Естественно, Тухачевский, оказавшийся рядом с легендарным героем гражданской войны К.Е.Ворошиловым, можно сказать, свалился тому, как снег на голову, причем снегопад оказался густой и продолжительный. Нарком сильно противостоял во многих вопросах молодому энергичному заместителю, считая подчас, что этот бывший царский офицер просто хочет выпендриться и подсидеть его, когда говорит о замене дорогой Клименту Ефремовичу конницы на танки, мотопехоту и всякие там трескучие вонючие механизированные соединения. А уж красногвардейцы, прыгающие с неба без коней - это была просто чушь какая-то. Тухачевский, как и его единомышленники, сильно раздражал наркома, но находясь глубоко за пазухой Сталина, Ворошилов сохранял спокойствие, делал регулярно физкультуру, катался на лыжах и на любимом скакуне. Тухачевский старался опуститься до уровня наркома, и на фото они внешне были «братья по партии и товарищи по оружию», но в душе того и другого антагонизм то тлел, то разгорался. Большевики, уничтожившие сословия в декретах и постановлениях, тут же поняли, что этого мало. И стали повально уничтожать сами сословия, перед которыми они чувствовали себя ничтожествами. Нарушалась происходившая веками селекция крови, воспитания, религиозных устоев, образования. Однако в присказке говорится: «Как поруганный Храм останется Храм, так и обученный хам останется хам». А мы знаем: и с обучением-то было слабовато.

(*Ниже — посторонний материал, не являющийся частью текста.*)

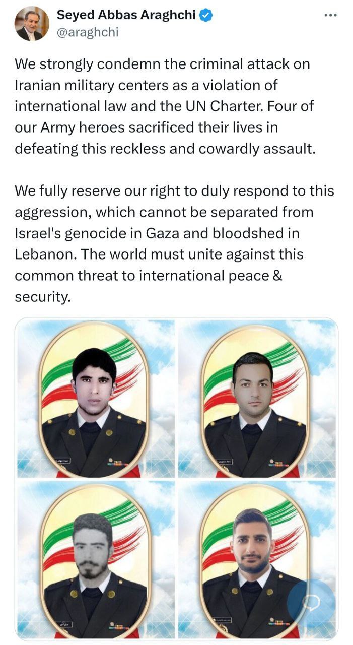 The massage of Dr. Araghchi Minister of Forigin Affairs of the Islamic Republic on X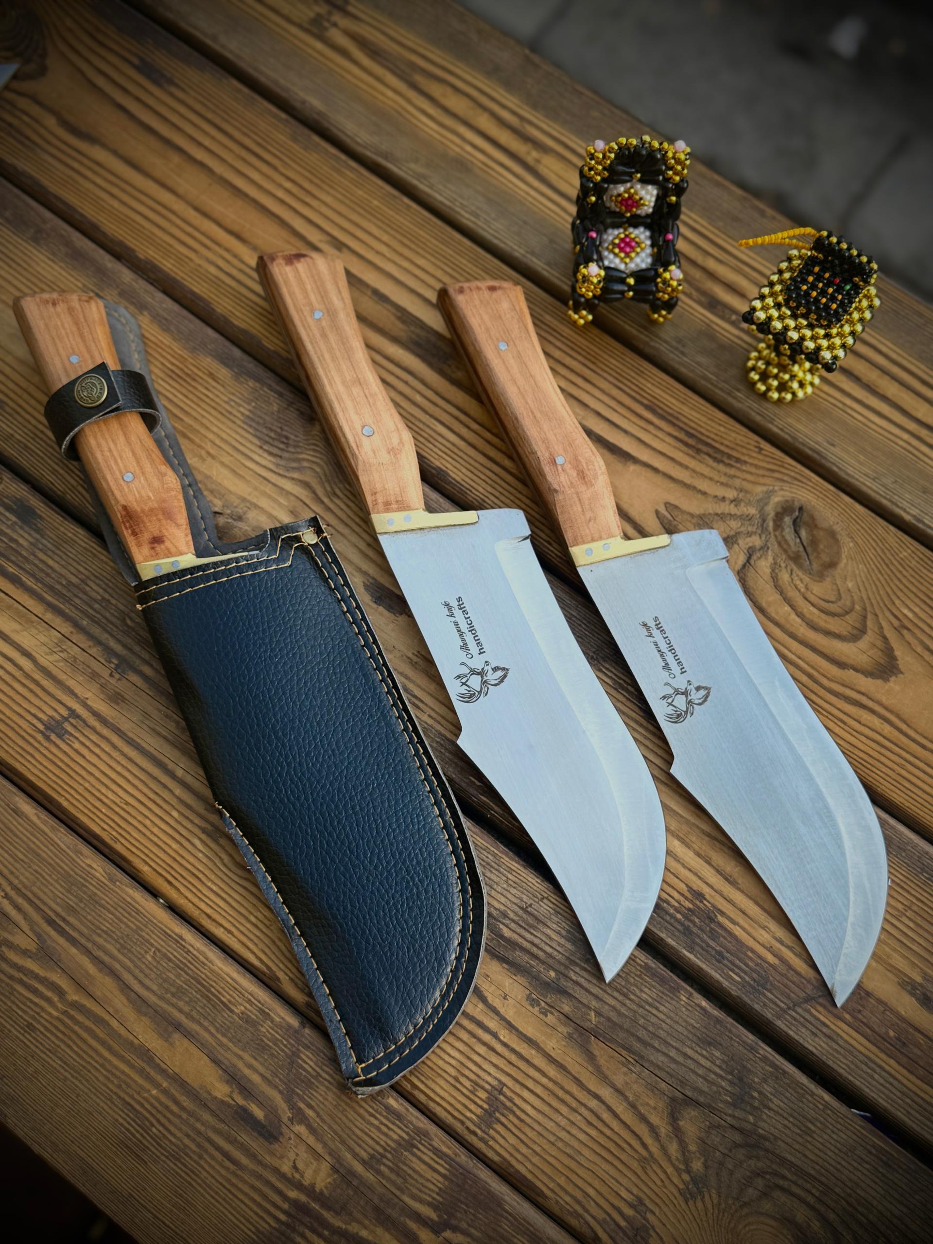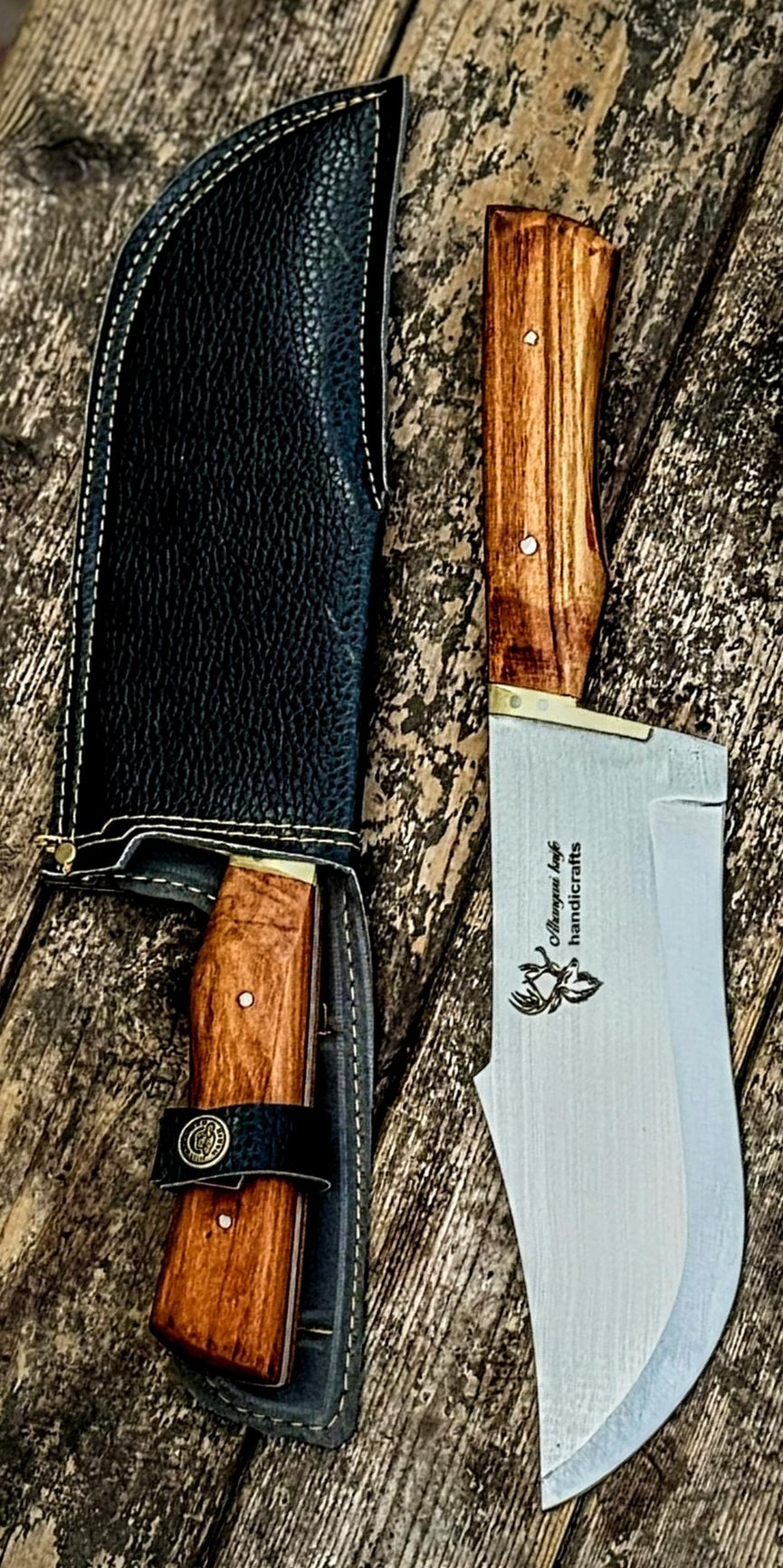 چاقو شکاری دسته چوب گردو تیغه فولاد آلمانی آبدیده تیز وبرا همراه غلاف باربند برنجی سایز 27سانت قیمت مناسب سایزکوچکترنیز موجود میباشد

И вот началась реорганизация в штабах всех уровней. Сталин и Ворошилов стали укреплять командный состав; В эту очередную кровавую волну 1937 г. Блюхер подписал (в числе многих) ордер на арест Тухачевского. В следующем, 1938 году был готов ордер на арест Блюхера. Так у Сталина случалось сплошь и рядом: вчерашний палач вскоре оказывался на месте жертвы.
Тухачевский был не одинок. Главком Белов, принимавший парад на Красной площади, выписал ордер на арест своих однополчан, потом ордер был выписан на него, и его расстреляли в обычном порядке. Это называлось «укрепление кадров Красной Армии». Новое слово в военной науке - «укрепление» трупами командиров.